MeanSquaredErrorPercentage

Mean Squared Error Percentage (MSE%) and root-MSE% forecasting error metrics.

Quickstart

python
from sktime.performance_metrics.forecasting import MeanSquaredErrorPercentage

estimator = MeanSquaredErrorPercentage(multioutput='uniform_average', multilevel='uniform_average', square_root=False, by_index=False)

Parameters(4)

square_rootbool, default = False
Whether to take the square root of the metric
multioutput‘uniform_average’ (default), 1D array-like, or ‘raw_values’

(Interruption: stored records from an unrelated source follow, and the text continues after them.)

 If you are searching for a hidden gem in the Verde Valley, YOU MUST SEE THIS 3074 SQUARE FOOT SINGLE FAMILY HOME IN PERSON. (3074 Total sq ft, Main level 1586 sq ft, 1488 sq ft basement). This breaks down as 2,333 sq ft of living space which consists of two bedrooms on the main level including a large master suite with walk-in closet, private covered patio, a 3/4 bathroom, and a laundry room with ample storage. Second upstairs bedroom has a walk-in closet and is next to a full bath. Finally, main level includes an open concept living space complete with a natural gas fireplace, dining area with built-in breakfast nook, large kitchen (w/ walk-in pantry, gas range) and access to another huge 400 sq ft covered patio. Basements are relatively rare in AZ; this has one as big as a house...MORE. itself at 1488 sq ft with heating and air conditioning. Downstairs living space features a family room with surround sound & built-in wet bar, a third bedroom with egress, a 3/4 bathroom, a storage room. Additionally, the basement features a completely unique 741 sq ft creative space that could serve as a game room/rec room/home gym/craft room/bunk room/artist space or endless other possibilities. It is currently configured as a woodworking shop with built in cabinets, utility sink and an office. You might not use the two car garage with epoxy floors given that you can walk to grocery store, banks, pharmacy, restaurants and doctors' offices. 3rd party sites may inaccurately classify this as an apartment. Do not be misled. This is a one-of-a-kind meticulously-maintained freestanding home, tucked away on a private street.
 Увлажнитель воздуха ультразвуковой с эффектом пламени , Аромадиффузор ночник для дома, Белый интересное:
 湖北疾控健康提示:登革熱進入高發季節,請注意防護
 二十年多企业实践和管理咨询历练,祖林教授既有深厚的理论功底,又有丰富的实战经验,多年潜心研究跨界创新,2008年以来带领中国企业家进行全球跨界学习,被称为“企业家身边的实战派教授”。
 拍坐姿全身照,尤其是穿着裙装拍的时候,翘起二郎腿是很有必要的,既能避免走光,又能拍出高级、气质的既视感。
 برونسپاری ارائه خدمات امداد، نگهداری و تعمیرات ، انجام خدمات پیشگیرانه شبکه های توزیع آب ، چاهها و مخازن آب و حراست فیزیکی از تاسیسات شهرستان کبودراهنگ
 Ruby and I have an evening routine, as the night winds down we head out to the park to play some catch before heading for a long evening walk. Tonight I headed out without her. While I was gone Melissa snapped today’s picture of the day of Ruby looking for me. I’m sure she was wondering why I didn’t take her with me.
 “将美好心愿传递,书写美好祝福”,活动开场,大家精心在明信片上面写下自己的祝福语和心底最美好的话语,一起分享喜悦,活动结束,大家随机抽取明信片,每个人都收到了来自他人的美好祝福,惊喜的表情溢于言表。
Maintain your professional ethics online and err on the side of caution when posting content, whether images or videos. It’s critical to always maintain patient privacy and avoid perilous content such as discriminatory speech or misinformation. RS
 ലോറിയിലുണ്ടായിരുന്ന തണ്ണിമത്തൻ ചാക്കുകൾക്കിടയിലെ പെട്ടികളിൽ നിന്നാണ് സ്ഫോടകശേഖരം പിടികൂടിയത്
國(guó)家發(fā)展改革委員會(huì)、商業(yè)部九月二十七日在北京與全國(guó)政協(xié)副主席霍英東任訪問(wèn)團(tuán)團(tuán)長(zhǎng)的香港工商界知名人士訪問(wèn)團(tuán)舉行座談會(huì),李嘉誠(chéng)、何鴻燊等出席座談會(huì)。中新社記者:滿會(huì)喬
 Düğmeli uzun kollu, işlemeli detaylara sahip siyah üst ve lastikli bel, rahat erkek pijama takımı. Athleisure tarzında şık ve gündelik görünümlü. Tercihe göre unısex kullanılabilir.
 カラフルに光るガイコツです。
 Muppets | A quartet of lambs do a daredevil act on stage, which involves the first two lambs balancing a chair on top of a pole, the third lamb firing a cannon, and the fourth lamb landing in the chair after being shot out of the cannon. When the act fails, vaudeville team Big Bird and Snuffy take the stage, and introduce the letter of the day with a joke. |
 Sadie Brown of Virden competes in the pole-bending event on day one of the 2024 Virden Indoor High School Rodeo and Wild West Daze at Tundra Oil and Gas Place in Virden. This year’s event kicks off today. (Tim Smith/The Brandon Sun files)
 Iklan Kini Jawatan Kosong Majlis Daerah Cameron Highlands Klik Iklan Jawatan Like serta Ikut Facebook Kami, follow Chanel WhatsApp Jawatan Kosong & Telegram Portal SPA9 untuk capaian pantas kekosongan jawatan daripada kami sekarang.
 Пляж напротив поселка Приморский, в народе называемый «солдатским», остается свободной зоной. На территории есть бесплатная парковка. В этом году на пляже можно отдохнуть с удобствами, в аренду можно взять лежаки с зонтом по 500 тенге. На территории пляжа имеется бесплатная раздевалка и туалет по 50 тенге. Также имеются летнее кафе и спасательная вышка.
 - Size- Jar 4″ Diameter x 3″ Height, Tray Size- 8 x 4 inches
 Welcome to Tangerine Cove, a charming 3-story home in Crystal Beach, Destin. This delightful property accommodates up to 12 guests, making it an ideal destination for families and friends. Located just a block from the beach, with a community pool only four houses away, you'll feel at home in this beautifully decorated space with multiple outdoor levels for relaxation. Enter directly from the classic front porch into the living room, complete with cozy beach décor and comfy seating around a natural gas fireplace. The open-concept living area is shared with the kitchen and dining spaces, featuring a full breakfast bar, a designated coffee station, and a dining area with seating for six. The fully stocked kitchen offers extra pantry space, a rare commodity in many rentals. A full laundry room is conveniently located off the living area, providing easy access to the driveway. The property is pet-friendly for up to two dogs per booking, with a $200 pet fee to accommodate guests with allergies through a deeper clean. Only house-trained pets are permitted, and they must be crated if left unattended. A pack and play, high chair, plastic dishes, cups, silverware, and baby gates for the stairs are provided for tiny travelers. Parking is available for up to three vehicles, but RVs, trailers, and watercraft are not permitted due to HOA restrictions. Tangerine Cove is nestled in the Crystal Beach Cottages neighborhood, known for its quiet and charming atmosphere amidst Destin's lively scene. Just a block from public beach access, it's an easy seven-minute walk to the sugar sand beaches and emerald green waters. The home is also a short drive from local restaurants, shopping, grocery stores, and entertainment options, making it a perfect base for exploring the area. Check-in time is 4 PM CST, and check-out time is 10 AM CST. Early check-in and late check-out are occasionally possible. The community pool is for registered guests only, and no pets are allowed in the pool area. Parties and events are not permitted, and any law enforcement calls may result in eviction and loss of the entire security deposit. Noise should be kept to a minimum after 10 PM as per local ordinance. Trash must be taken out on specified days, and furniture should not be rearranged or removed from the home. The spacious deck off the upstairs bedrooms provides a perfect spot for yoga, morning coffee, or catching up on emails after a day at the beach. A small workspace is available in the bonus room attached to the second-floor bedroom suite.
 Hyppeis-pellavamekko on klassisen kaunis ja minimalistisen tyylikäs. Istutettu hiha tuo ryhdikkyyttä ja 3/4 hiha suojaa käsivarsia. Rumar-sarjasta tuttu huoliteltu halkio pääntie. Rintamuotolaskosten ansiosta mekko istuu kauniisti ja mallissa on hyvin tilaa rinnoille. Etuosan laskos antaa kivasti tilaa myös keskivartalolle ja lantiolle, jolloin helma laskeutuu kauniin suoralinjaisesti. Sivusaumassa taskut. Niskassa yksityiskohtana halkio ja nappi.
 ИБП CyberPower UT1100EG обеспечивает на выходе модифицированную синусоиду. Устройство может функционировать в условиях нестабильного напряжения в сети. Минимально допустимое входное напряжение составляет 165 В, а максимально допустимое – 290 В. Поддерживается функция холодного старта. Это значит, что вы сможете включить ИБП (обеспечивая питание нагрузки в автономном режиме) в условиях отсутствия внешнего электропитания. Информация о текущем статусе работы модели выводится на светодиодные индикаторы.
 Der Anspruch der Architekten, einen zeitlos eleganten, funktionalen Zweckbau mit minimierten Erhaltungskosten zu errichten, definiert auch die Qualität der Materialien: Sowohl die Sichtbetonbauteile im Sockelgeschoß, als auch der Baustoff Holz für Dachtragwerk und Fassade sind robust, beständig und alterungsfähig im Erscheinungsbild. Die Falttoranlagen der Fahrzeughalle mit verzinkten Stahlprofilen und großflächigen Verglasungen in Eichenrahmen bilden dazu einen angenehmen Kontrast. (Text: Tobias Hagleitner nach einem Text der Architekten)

Whether and how to aggregate metric for multivariate (multioutput) data.

  • If 'uniform_average' (default), errors of all outputs are averaged with uniform weight.

  • If 1D array-like, errors are averaged across variables, with values used as averaging weights (same order).

  • If 'raw_values', does not average across variables (outputs), per-variable errors are returned.

multilevel{‘raw_values’, ‘uniform_average’, ‘uniform_average_time’}

How to aggregate the metric for hierarchical data (with levels).

  • If 'uniform_average' (default), errors are mean-averaged across levels.

  • If 'uniform_average_time', metric is applied to all data, ignoring level index.

  • If 'raw_values', does not average errors across levels, hierarchy is retained.

by_indexbool, default=False

Controls averaging over time points in direct call to metric object.

  • If False (default), direct call to the metric object averages over time points, equivalent to a call of the evaluate method.

  • If True, direct call to the metric object evaluates the metric at each time point, equivalent to a call of the evaluate_by_index method.